Mieliście podobne sytuacje?

Shnitzel - Wto 03 Lut, 2015

Sytuacja jest dziwna ale w zasadzie nei ma dobrego rozwiązania.
Po pierwszeo dpoweidz sobie czy ta wasza relacja nie była oparta wyłącznie o tym że on ci sie podoba i na niego masz ochotę. Ewidentnie to czuć i juz sam zaznaczasz wpierwszy zdaniu ten aspekt ze podobał ci się jako facet.
Dowodzi to ni mniej ni wiecej ze kreci cie też seksualnie. Żadne tłumaczenie ze nei jestes gejem, ze to tylko bi nie pomoże.
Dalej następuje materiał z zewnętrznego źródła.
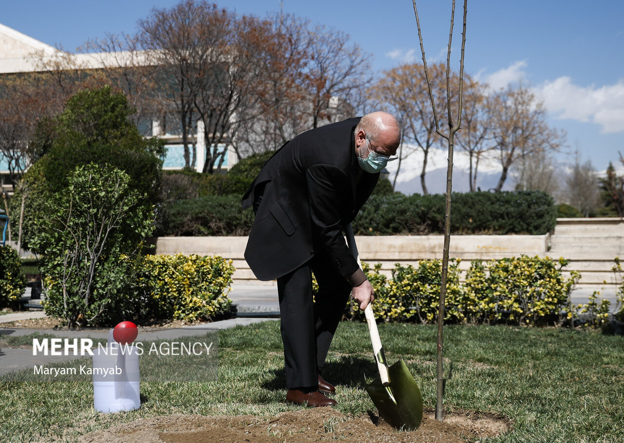 رئیس مجلس همزمان با روز درختکاری یک اصله نهال کاشت

Fakty sa takie że on cie kręci i tyle. a wiec interesują cię faceci.

Natomiast sama relacja. Zalezy czy coś was jeszcze łączyło. Jesli tak, zapomnij o tym i przejdź do porządku dziennego. Nie próbuj namawiać na powtórki ani nic. Zwłaszcza ze sam wystawił kontrę - nie śpimy razem.

Tym samym radzę przestać marzyć o jakiś układ ze mu possiesz raz na jakis czas.Dla niego to bedzie krępujące taka forma spotkań nawet jak by sę zgodził - dla ciebei - wyniszczające psychicznie bo bedziesz chciał wiecej i wiecej a on coraz mniej będzie tego chciał ze własnie w końcu zerwie kontakt. Dlatgo wydarzyło się, było, było miło. Koniec.
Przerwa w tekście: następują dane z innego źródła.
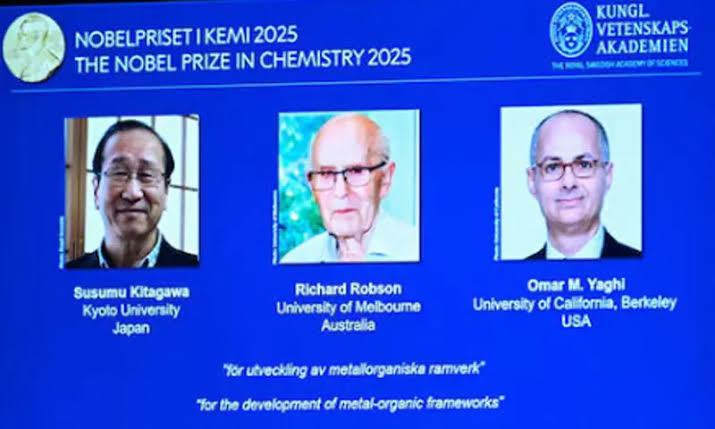 خبر رساں ادارے ’رائٹرز‘ کے مطابق جاپانی سائنس دان سوسومو کٹاگاوا، آسٹریلوی سائنس دان رچرڈ روبسن اور سعودیہ نژاد امریکی سائنس عمر یاغی کو کیمسٹری کا انعام دینے کا اعلان کردیا گیا۔

kraszer - Wto 03 Lut, 2015

Macie racje, chyba muszę o tym zapomnieć.

Za dużo razem przeżyliśmy, żeby zniszczyć to jednym wygłupem i moimi zachciankami. Bałem mu się powiedzieć o tym, że podobają mi się też faceci. Teraz jako jedyny o tym wie...

Zachowuje się normalnie, jakby nigdy nic, wiec mam nadzieję, że łatwo będzie mi również zapomnieć.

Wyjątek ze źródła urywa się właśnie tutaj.